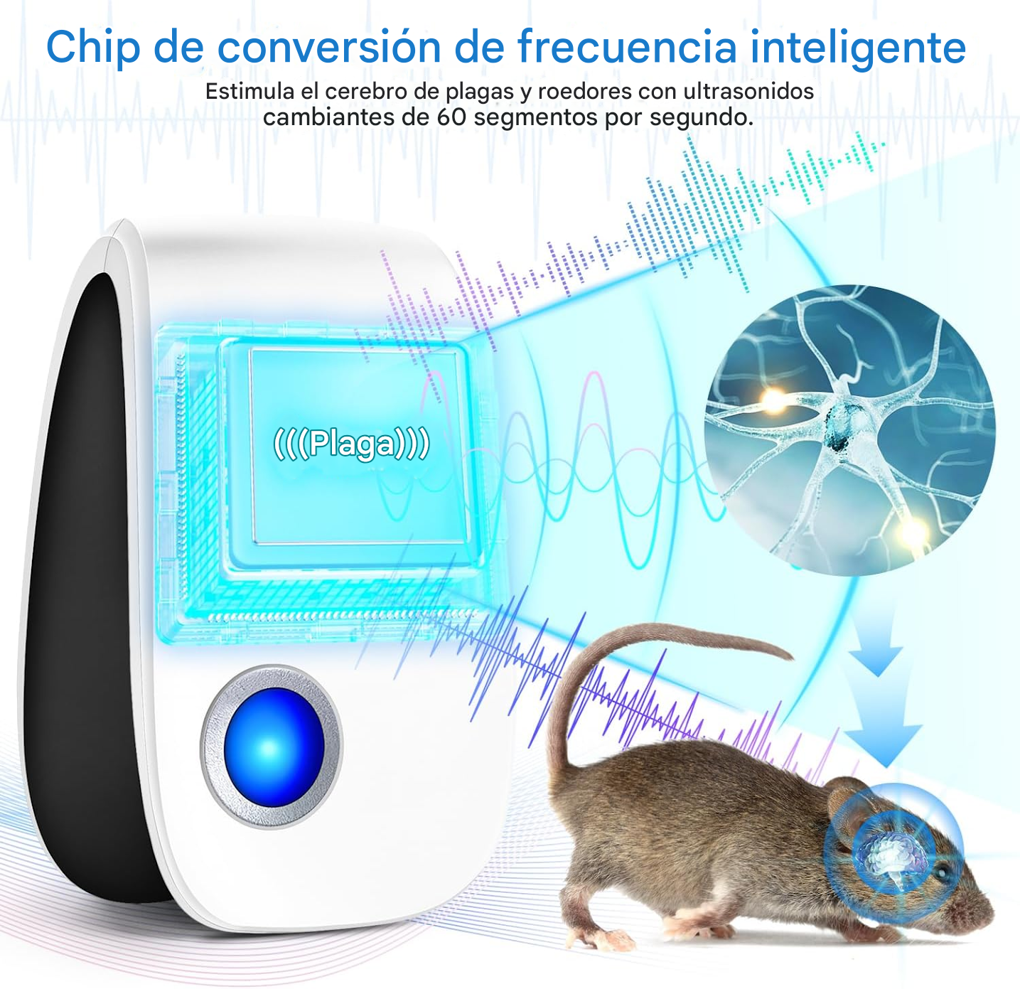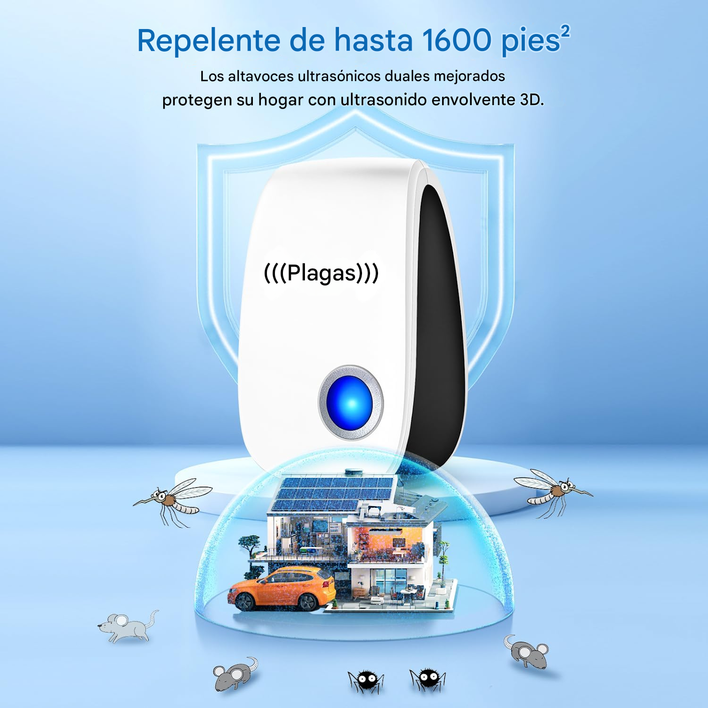 Diseñado con lo último en tecnología repelente, este dispositivo emite ondas ultrasónicas y electromagnéticas que perturban y ahuyentan a las plagas sin dañar a mascotas o humanos.
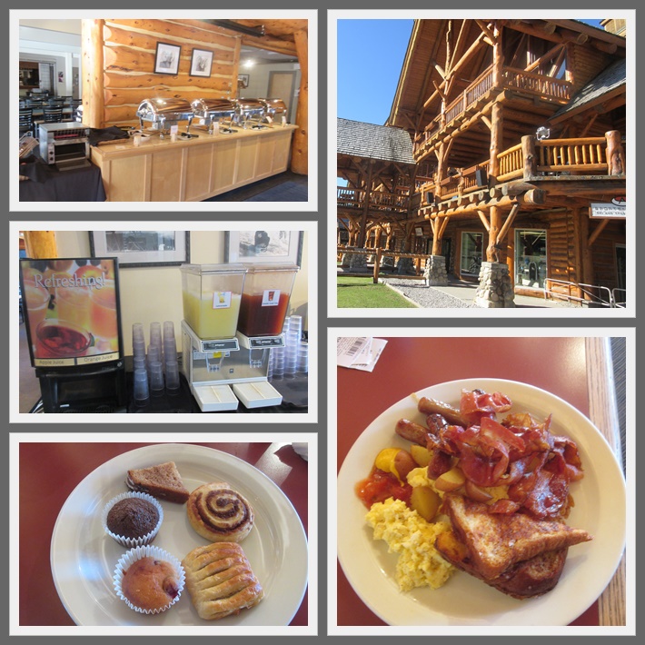 Ruangan makan pagi ini masih kosong. Hanya ada sepasang lansia dan kami. Breakfast buffet nya terdiri dari berbagai makanan dan minuman yang sifatnya self-service. Jadi bisa ambil sendiri sepuasnya. Untuk minuman tersedia kopi, teh (macam2 rasa), jus jeruk, jus apel, lemonade, sweet ice tea dan air putih. Sedangkan untuk makanan tersedia mulai dari berbagai macam roti, kue, bisa buat wafel juga, lengkap dengan berbagai selai dan topping. Ada juga berbagai jenis cereal, susu, dan salad. Lalu untuk hot food nya ada kentang panggang, sosis, smoked alberta bacon, dan scrambled egg.
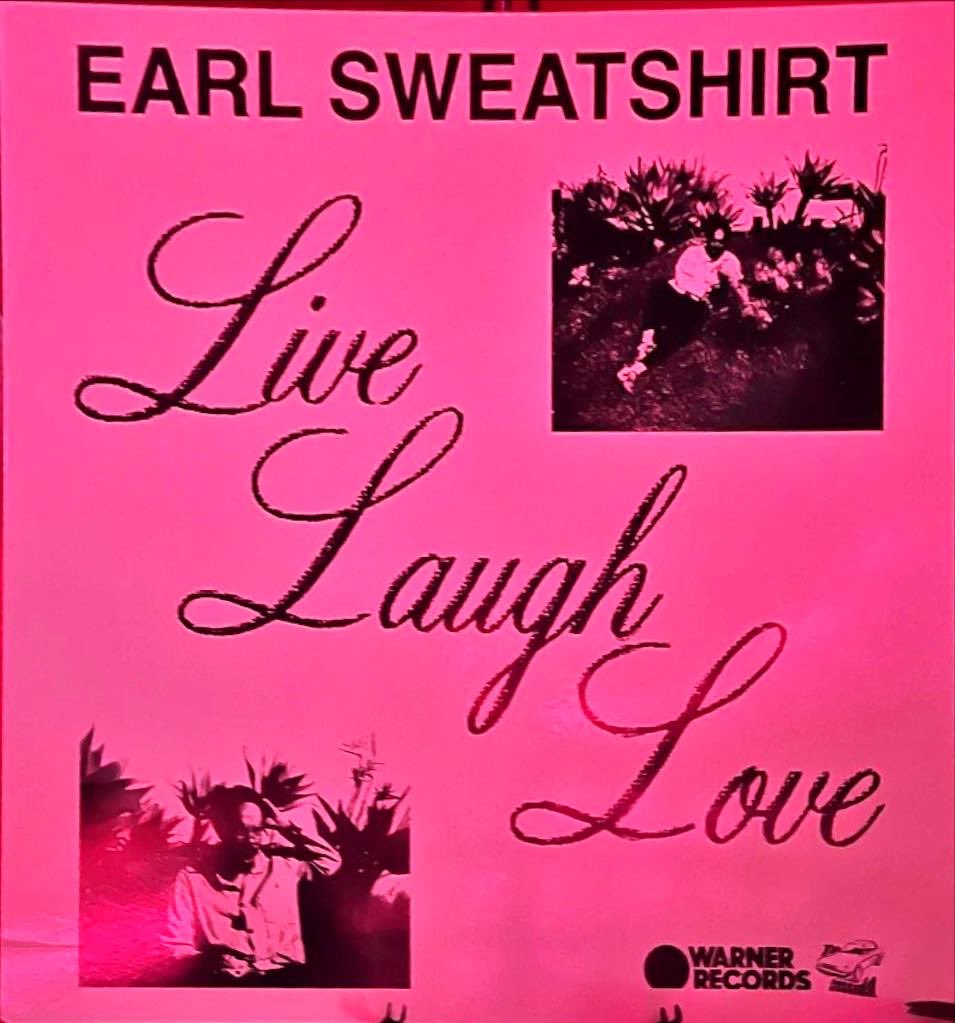 There's a new Earl Sweatshirt album. Or: We think there's a new Earl Sweatshirt album. It could be an elaborate prank, but pranks don't usually get this elaborate. This new Earl Sweatshirt album is called Live Laugh Love, which is an extremely funny title for a prospective Earl Sweatshirt album. On Friday night, Earl held a listening party for the album in Los Angeles, but he wasn't there in person. Instead, Earl pulled an MF DOOM and sent an obvious impostor out to perform his songs. On the other hand, the DJ at that listening party did play at least some of what appears to be an entire Earl Sweatshirt album. It doesn't seem like he'd make a whole new album just for prank purposes, does it? UPDATE: It is, indeed, a new album, and it's coming out this Friday, Earl confirmed today with a bizarre Instagram post.
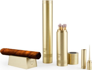Coho Box Brazen Pirinç Puro Kapsülü & Kibritlik & Puro İğne Seti
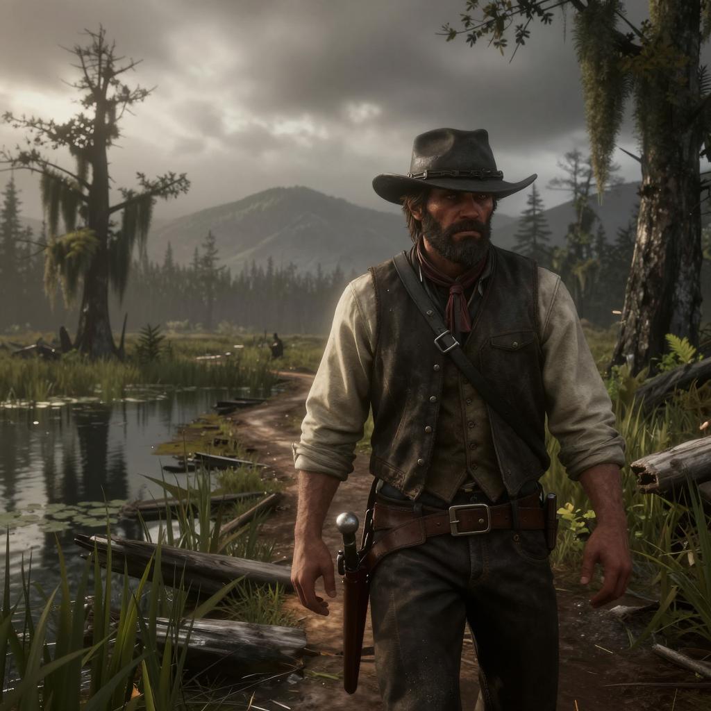 Red dead redemption 2 style, stormy chase across a mountain ridge trail featuring drifter with scruffy beard, patched clothes, and tired eyes in swampy bayou with hanging moss and still, reflective water, moody, softly lit scene with heavy clouds and faint light breaking through, cinematic western lighting, detailed cowboy clothing, atmospheric particles and depth, no gore, ultra-detailed, 4k
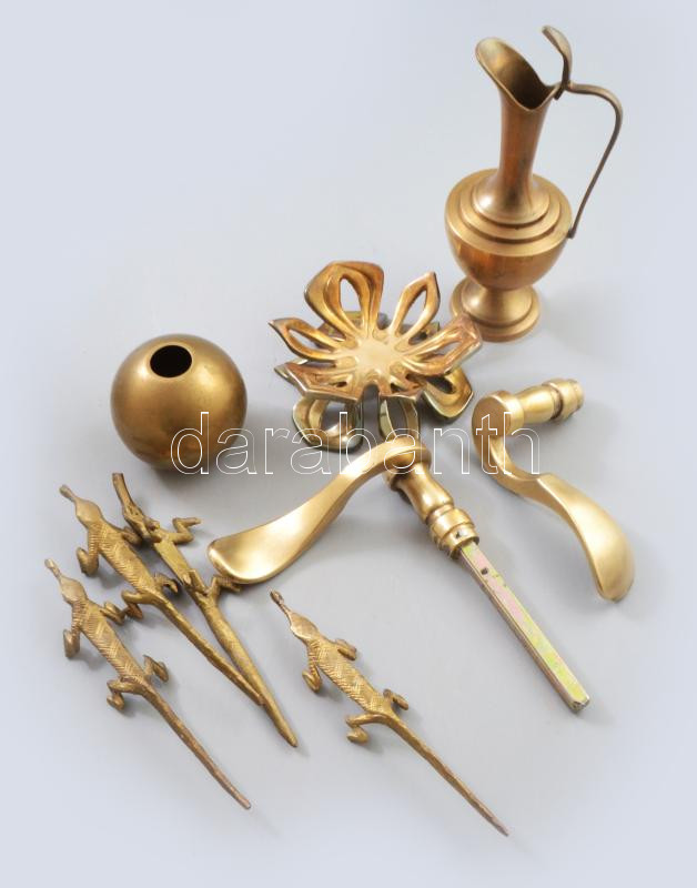 Leírás: Vegyes réz tárgyak. Kilincsek, gyík formájú késbakok. stb
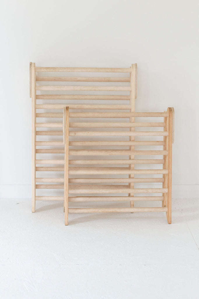 Made from high quality Pine and Birch wood, our wooden triangle can be folded up and carried from room to room, without the need of any tools, or turning any screws. Simply pick up, and push legs together. Our design is made so when fully opened, the Triangle supports itself, and stays open, and can easily hold 2 children at a time or an adult.
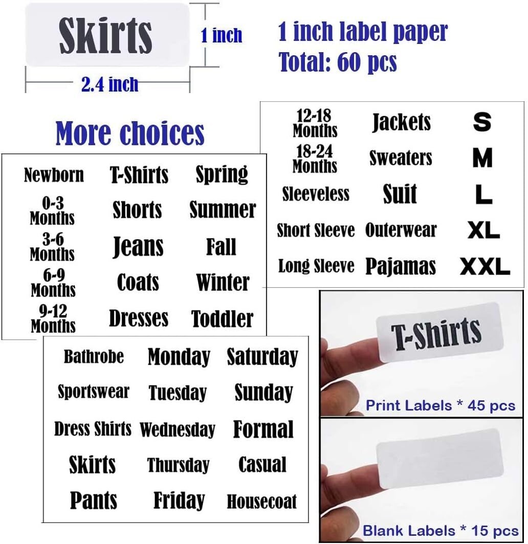 Labeling System: Comes with 45 printed sorting labels (1-inch) and 15 blank labels, along with 16 large blank labels for total customization.
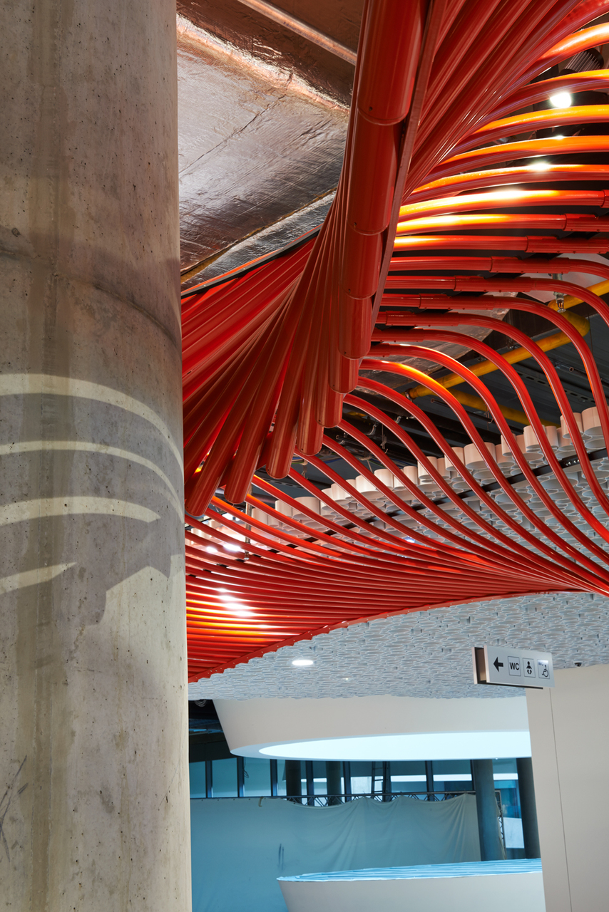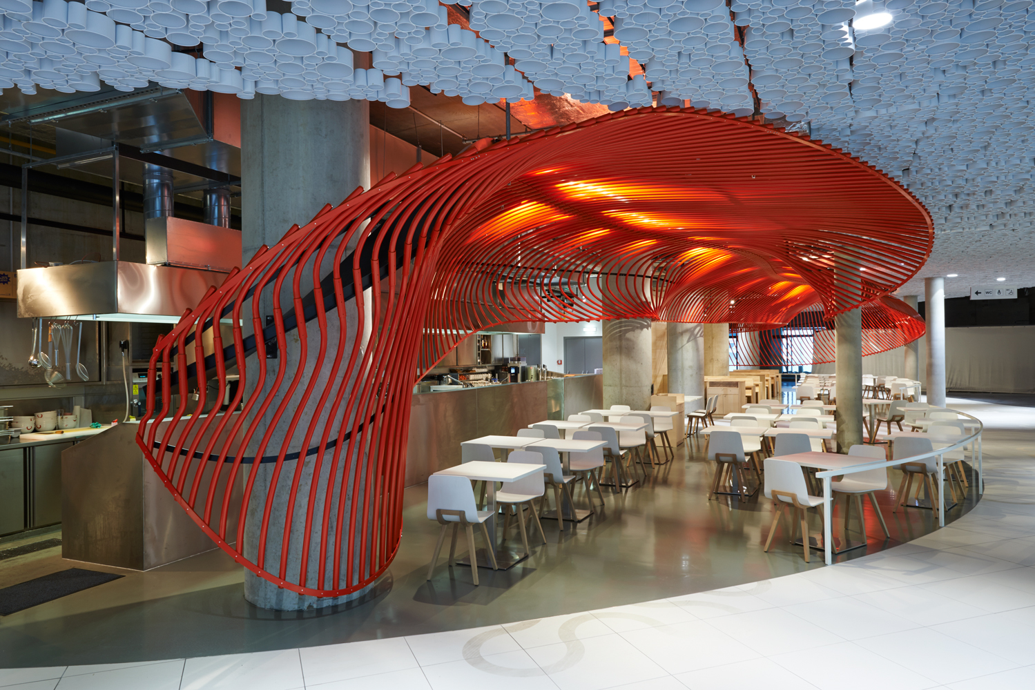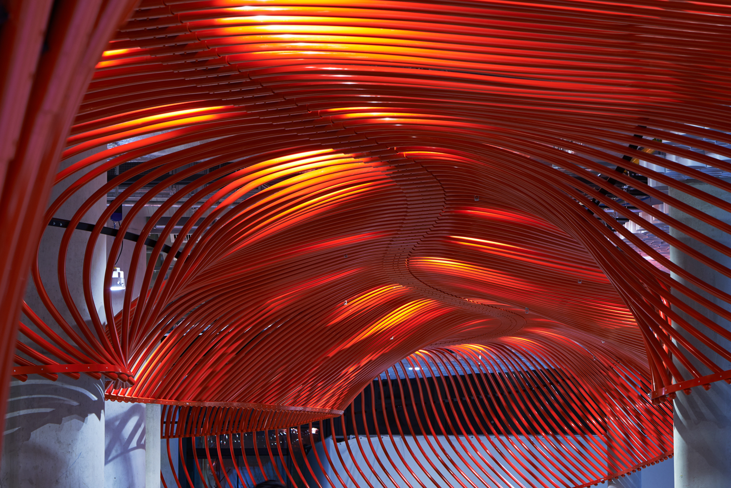 Für Passanten stellt die Deckenkonstruktion einen Blickfang dar und für die im Lokal verweilenden Gäste bietet sie einen Schirm gegenüber der Vielzahl an Reizen, die in einer Mall auf einen einwirken. Erst auf den zweiten Blick wird das Rückgrat der Konstruktion sichtbar. Ein 33 m langer, geschwungener Stahlträger trägt nicht nur 466 rote Rohre, von denen jedes einzelne über eine individuelle Krümmung verfügt, sondern dient zugleich als Halterung für Spots. Die Montage der Spots hinter den Rohren führt dazu, dass das ansonsten grelle Licht angenehm gestreut wird. Holzbänke, Tischoberflächen aus Corian und gebleichte Holzsessel laden – entgegen dem Motto des Lokals (ra’mien „go“) – zum Verweilen ein. Die Küche schließlich ist auf Funktionalität reduziert: ein Küchenblock aus Edelstahl und unverkleidete Lüftungsrohre – nichts, was man verstecken müsste. (Text: Martina Frühwirth)

--------------------

**Exercise objective:** The required answer is an exact, picture-free copy of the lines from the opening of the listing above through the line with "Ruangan makan pagi".

**Answer section:**
 Diseñado con lo último en tecnología repelente, este dispositivo emite ondas ultrasónicas y electromagnéticas que perturban y ahuyentan a las plagas sin dañar a mascotas o humanos.
 Ruangan makan pagi ini masih kosong. Hanya ada sepasang lansia dan kami. Breakfast buffet nya terdiri dari berbagai makanan dan minuman yang sifatnya self-service. Jadi bisa ambil sendiri sepuasnya. Untuk minuman tersedia kopi, teh (macam2 rasa), jus jeruk, jus apel, lemonade, sweet ice tea dan air putih. Sedangkan untuk makanan tersedia mulai dari berbagai macam roti, kue, bisa buat wafel juga, lengkap dengan berbagai selai dan topping. Ada juga berbagai jenis cereal, susu, dan salad. Lalu untuk hot food nya ada kentang panggang, sosis, smoked alberta bacon, dan scrambled egg.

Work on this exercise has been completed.